Synchrotech's line of PCMCIA PC Card and PCMCIA Media readers is extensive. This introduction is intended to provide help in choosing the right reader. Selecting the right reader depends upon several factors including: the type of cards in use, the bus technology used to connect the reader to the host computer, and the form factor of both the card and the reader. Other considerations include single, dual or multiple slots, speed, cost and portability.

Choosing a Bus Technology to Support a PCMCIA PC Card

There are some important concerns when it comes to the host computer bus technology when selecting a reader. To simplify this, we shall divide PCMCIA PC Card technologies into the following categories:

Legacy PCMCIA PC Card (16 bit)
This is the original PCMCIA PC Card standard under which fall three categories:
  • ATA Mass Storage Cards Includes both ATA Flash and Rotating Hard Drives. Nearly all storage and consumer media types in their various form factors fall here. Examples of ATA Flash media include: ATA Flash, CompactFlash, SmartMedia, MultiMediaCard, Secure Digital MMC, and Memory Stick. Rotating Hard Drives types include Microdrives (1.0 inch CompactFlash Type II), and Toshiba's PC Card Hard Drives (1.8 inch PC Card Type II).
  • Storage Cards This includes SRAM, Linear Flash, and Miniature Card. While this storage media differ little in end use functionality from ATA storage, their non-IDE driver requirements, and in the case of Linear Flash, specialized file systems make them difficult to support in comparison.
  • I/O Cards This includes any card that provides IO to the host or requires interrupts. A sample list would consist of items like Modems, Ethernet, Serial, Video and Sound cards. These are essentially ISA/EISA card style devices except in the way they connect to the host computer.
CardBus PCMCIA PC Card (32 bit)
The CardBus specification was published by PCMCIA around 1996. While legacy IO PCMCIA PC Cards are modeled on ISA/EISA, CardBus is based on PCI. The switch to a more modern 32 bit bus allowed PC CardBus slots to support newer and much faster I/O technologies: including FireWire, P2 Cards, USB 1.1/2.0, and Ultra/Ultra Wide SCSI. CardBus slots accommodate legacy (16 bit) cards, but the opposite is untrue. CardBus cards are engineered with safety features that are intended to prevent insertion into legacy slots. To quickly determine if a PCMCIA PC Card is CardBus, please see our CardBus FAQ.

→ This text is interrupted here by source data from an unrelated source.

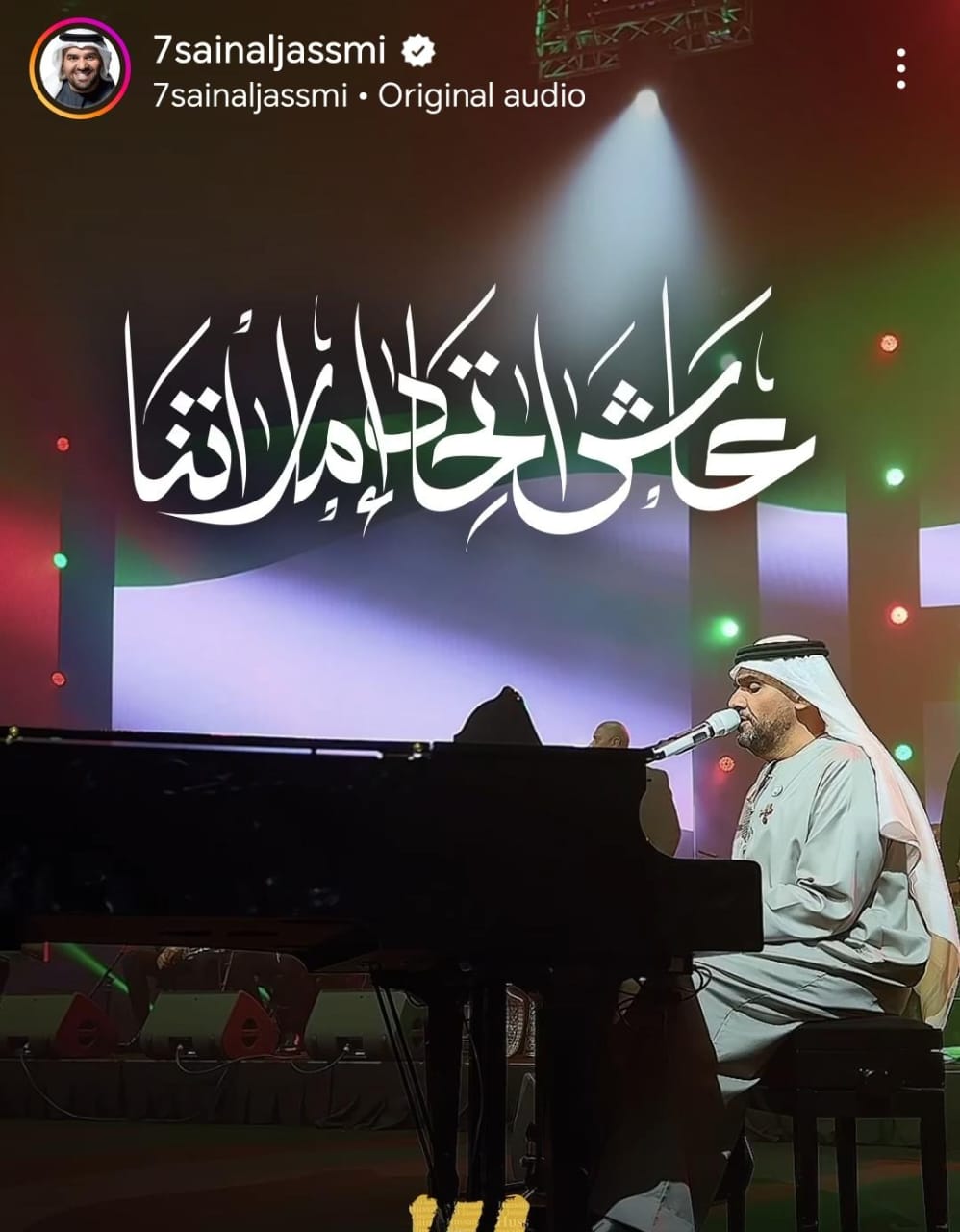 فيما شارك النجم الإماراتي حسين الجسمي مقطع فيديو عبر حسابه الرسمي على "إنستجرام" من إحدى حفلاته السابقة، أثناء تقديمه للنشيد الوطني الإماراتي "عيشي بلادي...عاش اتحاد اماراتنا"، وكتب منشوراً معلقاً عليه "حصنتك باسم الله يا وطن".
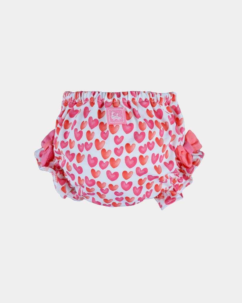 Braguita de baño confeccionada en tejido de poliamida con un 18% de lycra. Las gomas de los camales son extremadamente elásticas y suaves. Es adecuado para colocar sobre el pañal, pero también queda muy mona sin él. Recomendamos quitar el pañal para bañar al bebe y volver a colocárselo después. Esta prenda es adecuada para la playa, pero puede servir perfectamente para vestir en otras ocasiones.
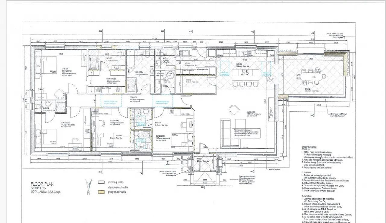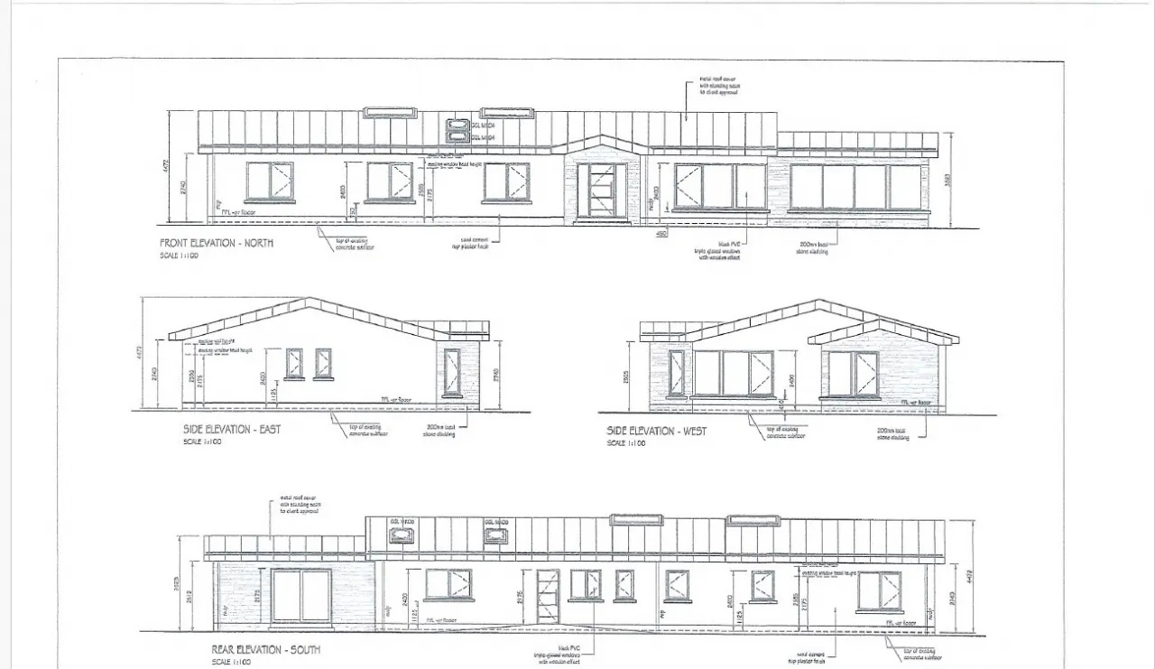 Proposed accommodation will consist of an entrance porch and lobby, large open plan kitchen/living area, dining room/sunroom, utility room, pantry, wc, four bedrooms (all en-suite) and a family bathroom. The very spacious floor area extends to approximately 222.6 sq. m/ 2396.05 sq. ft.
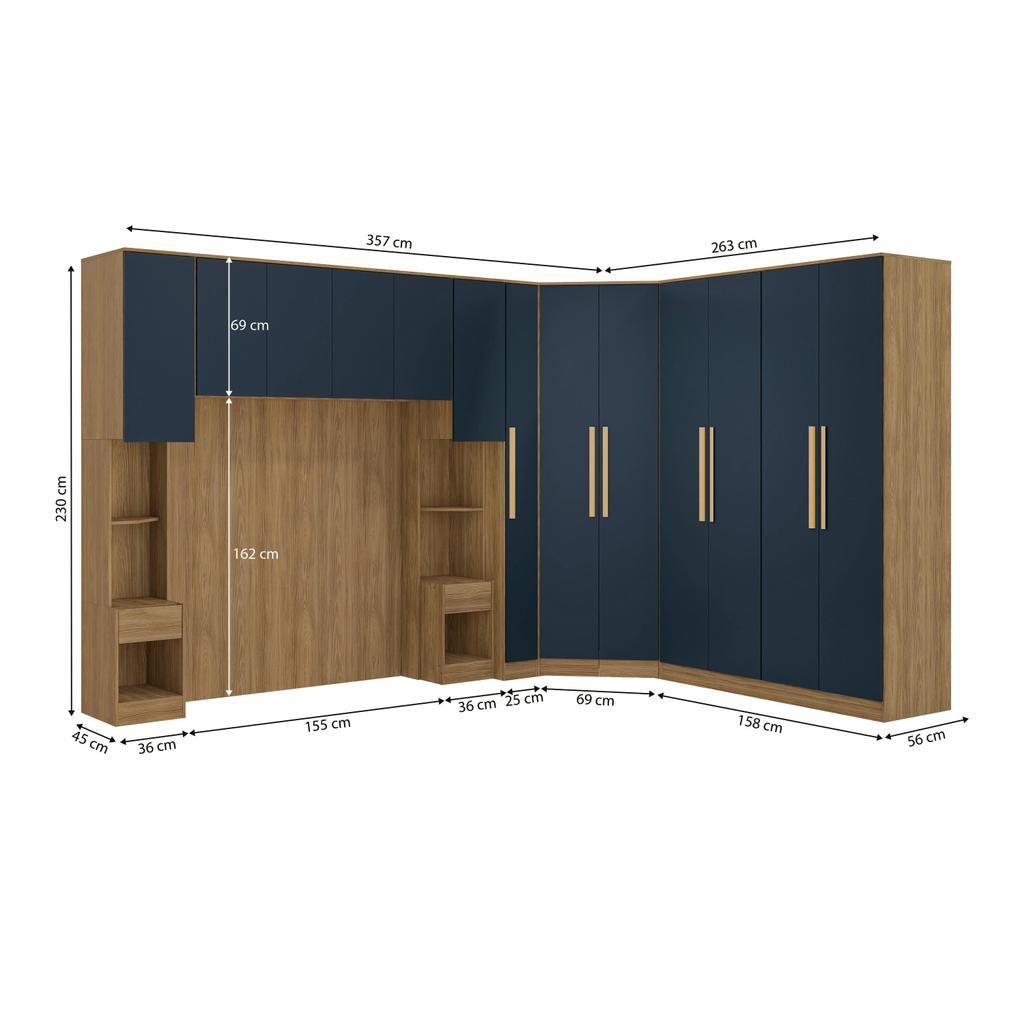 Quarto Modulado Kappesberg Adapt Nogueira/Azul Profundo 8 Peças 357cm x 263cm
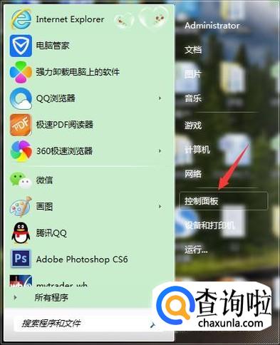 点击电脑桌面左下角Windows键,在弹出的选项中选择控制面板
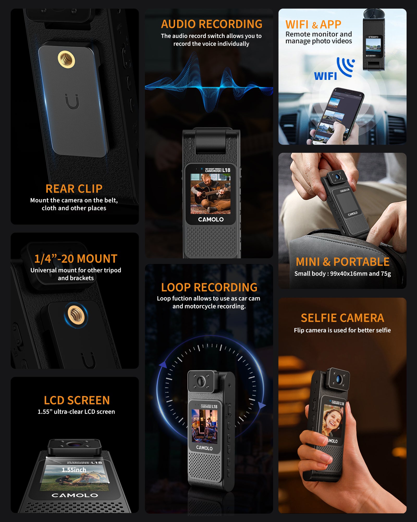 Individual Video / audio recording button allow one key launch. Rear clip with magnet and 1/4”-20 screw allow users to mount the camera on every places ( cloth/belt/iron surface/tripod/car mounts...) -

The reason the foregoing is important is that the various host bus technologies for Card Readers only support certain PCMCIA PC Cards. The following table should help illustrate this.

Legacy Cards (16 bit) CardBus Cards
Reader Bus Connection ATA Storage Other Storage* I/O Cards (32 bit)
Native Laptop Slot yes yes yes yes [1]
FireWire yes no no no
Floppy yes no no no
IDE yes no no no
ISA yes yes yes no
Parallel Port yes some [2] no no
PC-104 yes yes yes no
PCI yes yes yes yes [1]
USB yes some [2] some [2] some [2]
[1] If it has a CardBus Slot. [2] Only some models.

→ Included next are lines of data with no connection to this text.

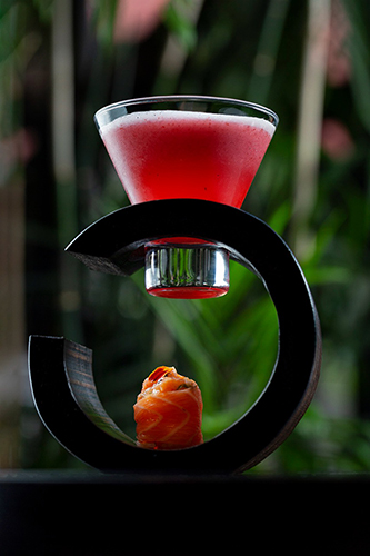 A carta composta por treze drinks autorais inéditos foi desenvolvida com receitas que priorizam ingredientes orientais e que são verdadeiras experiências sensoriais como no caso do Bambu Spicy (Plum sakê, vermute branco, abacaxi, mix de frutas vermelhas, Campari – R$44), que vem acompanhado de Sushi Dyo de Salmão. “A ideia aqui é tomar um gole do drink e na sequência comer o Sushi”, conta Serrano.
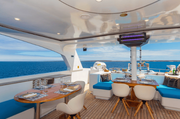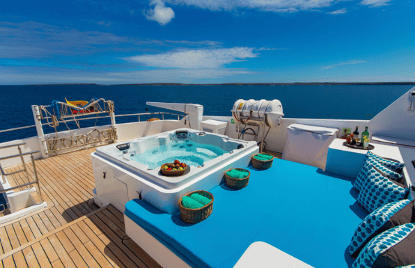 Life aboard Grand Majestic blends modern yacht design with small-ship ease: sunrise coffee and a clear plan from your Galapagos naturalist, active windows for snorkeling, kayaking, or Zodiac cruising, and quiet interludes in ocean-view lounges or on the open bow. Evenings lean refined with chef-crafted plates with local notes, relaxed conversation, and star-bright skies—making Grand Majestic an inviting floating base for Galapagos discovery.
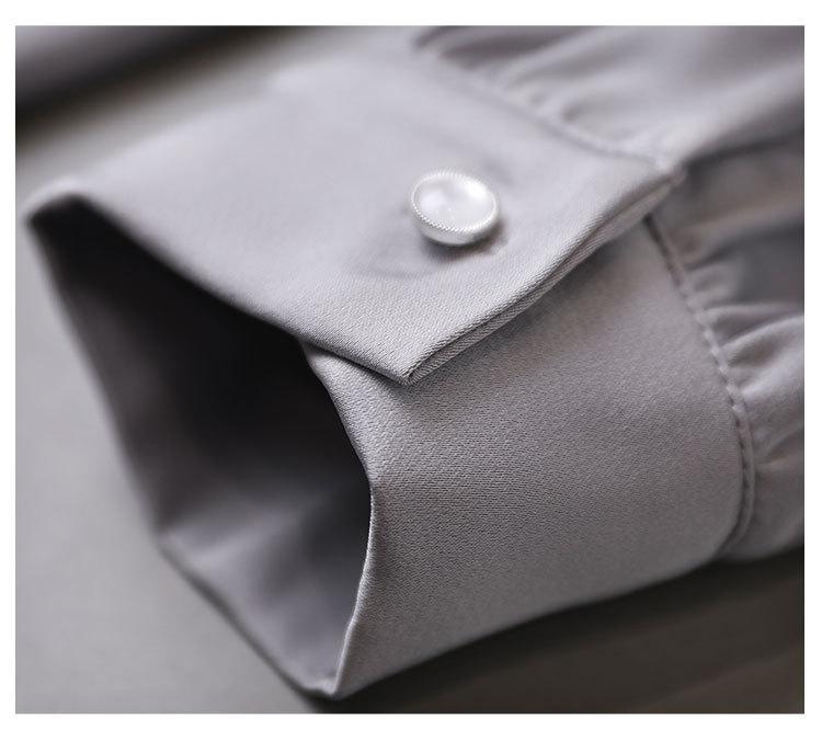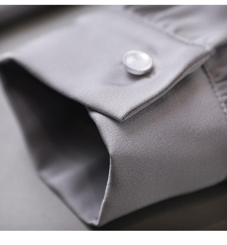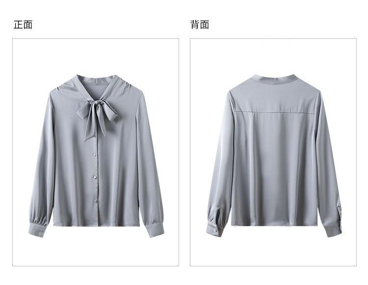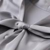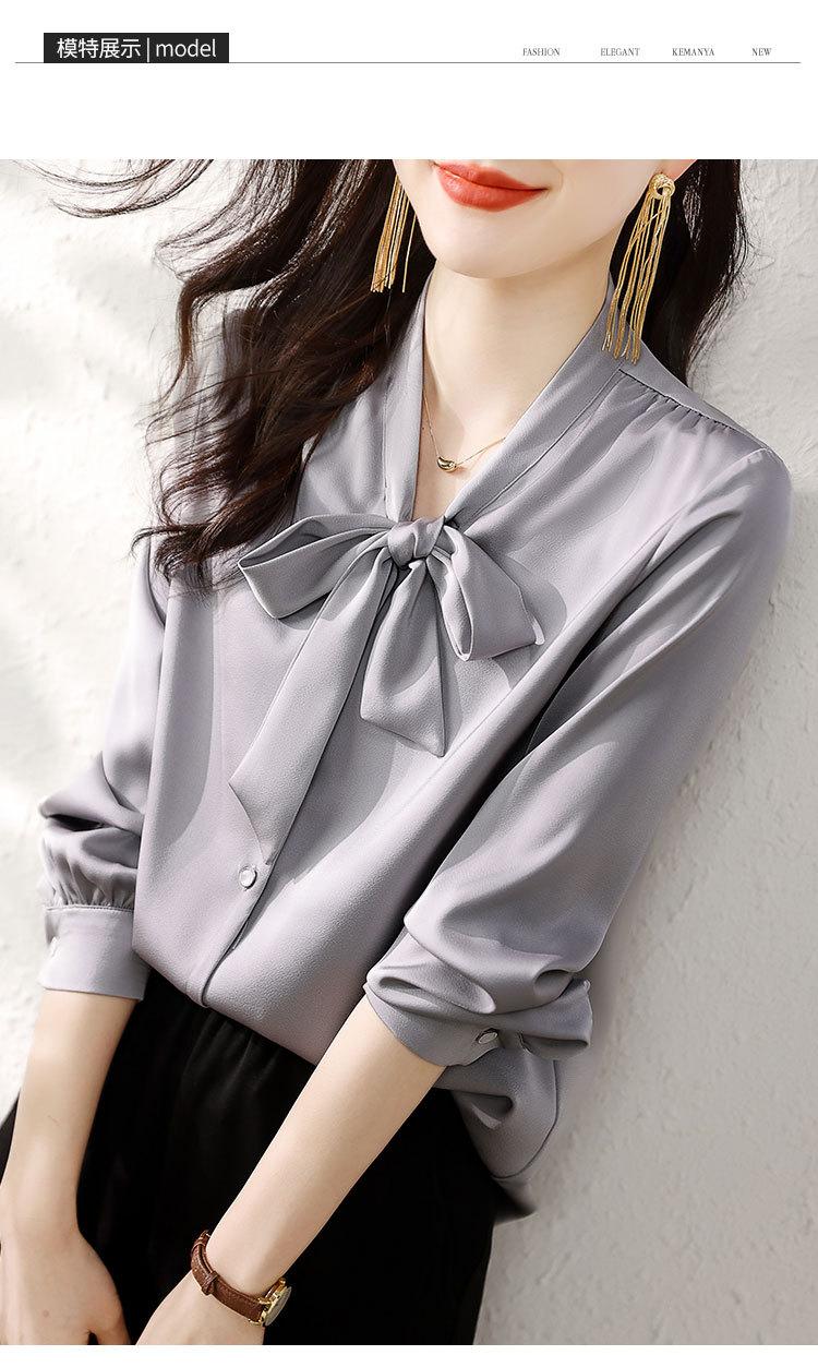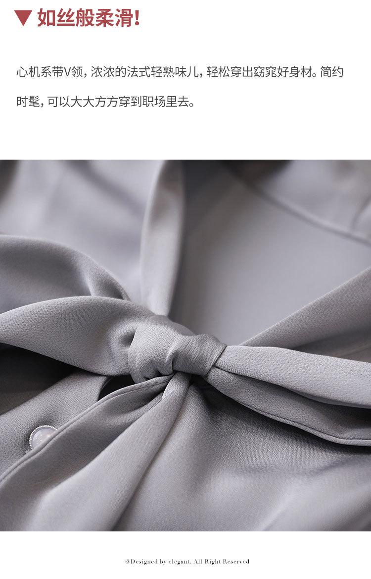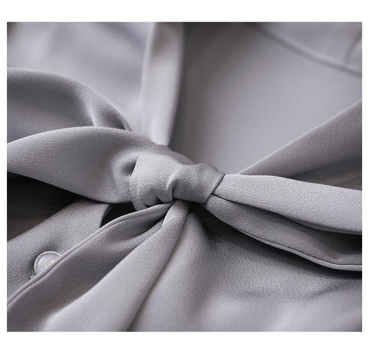 Camisa de mujer nueva de satén con cuello en V de alta gama, nueva base decorativa con lazo de otoño 2024

As seen only the system level buses (PCI, ISA, PC-104) support PCMCIA PC Card I/O functionality. In other words, read-writers for any other type bus deal with memory cards only. Furthermore, in nearly every case read-writers on non-system level buses specifically support ATA Mass Storage type cards. The few USB based based reader

When choosing between bus technologies for a card reader, alway determine the types of cards being used first. Once determined, secondary choices include

FAQ

Contents
Why don't CardBus capable read-writer models come in 3.5" front drive bay or external versions?
If USB PC Card read-writers only work with memory cards, why have I seen ones that read WiFi cards?
If USB supports devices such as modems and scanners, why not a general purpose PC Card read-writer?

Why don't CardBus capable read-writer models come in 3.5" front drive bay or external versions?

The maximum trace length for all interface signals between a CardBus controller and a card socket is 38.1mm. In other words it is an engineering impossibility to create a card reader that would allow access of 32 bit cards via a front drive bay because any such configuration would exceed that maximum.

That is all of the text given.